McMurtry’s life, like his bulging bibliography, is tough to get one’s arms around. (To paraphrase a regional cliché, everything is bigger in a McMurtry novel — especially the page count.) He was a tangle of contradictions. Raised on the outskirts of Archer City, Texas, by a cattle-ranching family, McMurtry was educated in the hills of Berkeley, where he was a Stegner Fellow at Stanford (along with Ken Kesey and Wendell Berry). He was a known crank and an infamous flirt; a small-town bohemian; an Oscar winner (for adapting “Brokeback Mountain”) and a pathological antiquarian.

But, through it all, he was a writer — averaging between five and 10 pages a day of something, every morning, for decades. And though he was an unlikely exemplar of his home state in appearance — teetotaling, bespectacled, with a mild phobia of horses — Larry McMurtry was, in fact, a peerless interlocutor of Texas, bridging the gap between its rural past and its noisy, urban present. And despite dalliances on the West Coast (with Cybill Shepherd and Diane Keaton, among others) and expensive habits (rooms at the Chateau Marmont, caviar at Petrossian), he always returned, somewhat grudgingly, to his birthplace. By refusing to let Texas define him, he helped redefine it.

For someone with such a keen and penetrating voice, he sure loved to listen. In a McMurtry book, everyone is interesting — even tertiary characters are a riot of quirk and detail. And, most notably for a white male writer of a certain age, McMurtry was fascinated by women, not in an objectifying manner, but rather with a dogged, almost courtly interest in the particulars of their lives.

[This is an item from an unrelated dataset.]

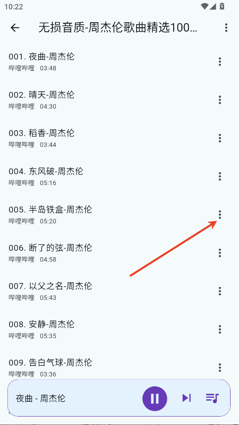 1.点击你要下载的歌曲右侧三个点按钮。
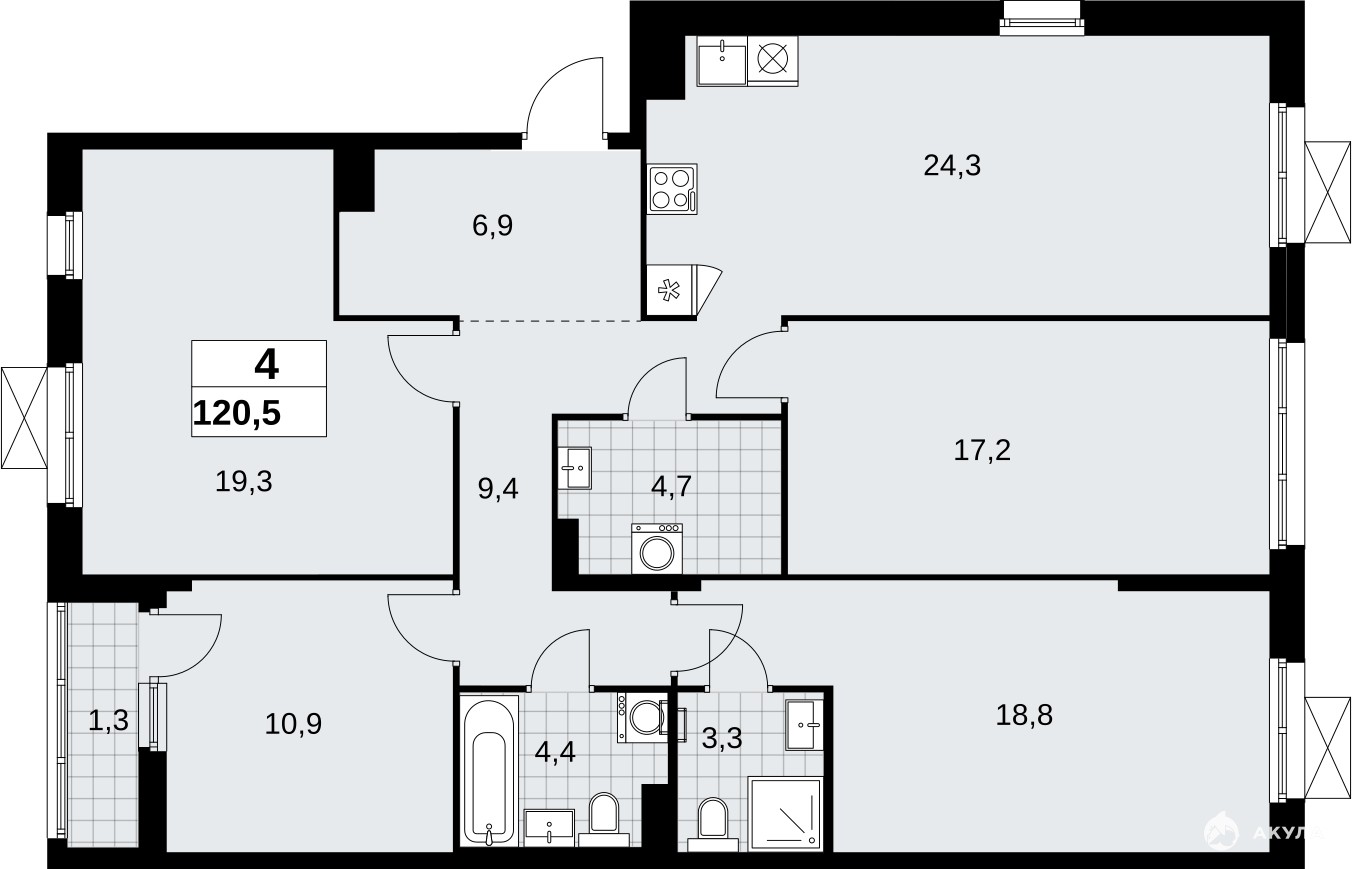 - 24.3 м²

Where most authors would align themselves with the swashbuckling rangers of the Lonesome Dove tetralogy, the most revealing character in the extended McMurtryverse might be the least likely: Patsy Carpenter, the winsome protagonist of the novel “Moving On,” who spends her happiest hours curled up in a rickety Ford with a melted Hershey’s bar and a box of old paperbacks. “Sometimes she ate casually and read avidly — other times she read casually and ate avidly,” he wrote of her and likely of himself, too. Whatever your appetite, there’s a McMurtry book for you, too.

I love a great heroine.

Say you’re one of the millions who have wept happily at the conclusion of James L. Brooks’s adaptation of “Terms of Endearment.” You’re book-curious, slightly cowboy-averse and don’t know where to begin. Great news! The answer is easy: “Terms of Endearment” (1975). Deeper and more digressive than the film adaptation, the novel orbits the ravenous Aurora Greenway. She is gargantuan in appetite and affect, collecting parking tickets and suitors with intoxicating gusto (though not every suitor: Jack Nicholson’s Garrett Breedlove is a purely cinematic invention). As with many McMurtry heroines, the frippery masks a spine of pure steel. When tragedy gathers, the true purpose of Aurora’s overstuffed social network is revealed: not to distract but to protect. Any tears you might shed at the end will be for the still-hopeful living, not the unfairly dead.

(“The Desert Rose,” from 1983 — which swaps swampy Houston for the dry heat of Las Vegas — would make a nice double feature. Once again, a vibrant woman is knocked into a tizzy by a wayward daughter, only this time with sequins.)

I’d like to read his masterpiece.

“Lonesome Dove” (1985), a.k.a. Your Dad’s Favorite Novel, is the book McMurtry avoided writing for the first half of his life — and spent the second half of his life relitigating. Like Bruce Springsteen’s “Born in the U.S.A.” (released the year before), the Pulitzer Prize-winning “Lonesome Dove” is a masterpiece of missed intentions.

“One of McMurtry’s aims in ‘Lonesome Dove’ was to pierce the romantic image of the trail-riding cowboy,” Tracy Daugherty writes in his recent biography. And the novel does its level best: As two retired Texas Rangers, Gus McCrae and Woodrow Call, lead a cattle drive from the Rio Grande to Montana, their quixotic caravan encounters the worst the world has to offer. The young and innocent die terrible deaths; the open country, far from romantic, is arid and hostile. “It’s mostly bones we’re riding over anyway,” Gus thinks, in a cheerful attempt to keep despair at bay.

And yet the book — which began life as a proposed screenplay that would bring James Stewart, Henry Fonda and John Wayne back for one last rodeo — is undeniable, awash in wit and wonder. With a canvas close to 1,000 pages, painted like a prairie sunset across a proscenium of sky, “Lonesome Dove” remains one of the best and happiest reading experiences of my life. To McMurtry’s chagrin, few myths were busted — in fact, quite the opposite. Multiple generations have now replaced their memories of the Alamo with those of the Hat Creek Cattle Company: something else rather foolish, noble and fleeting that’s nonetheless impossible to forget.

(A note to the TV crowd: Yes, the 1989 CBS miniseries is iconic. But only the novel is essential.)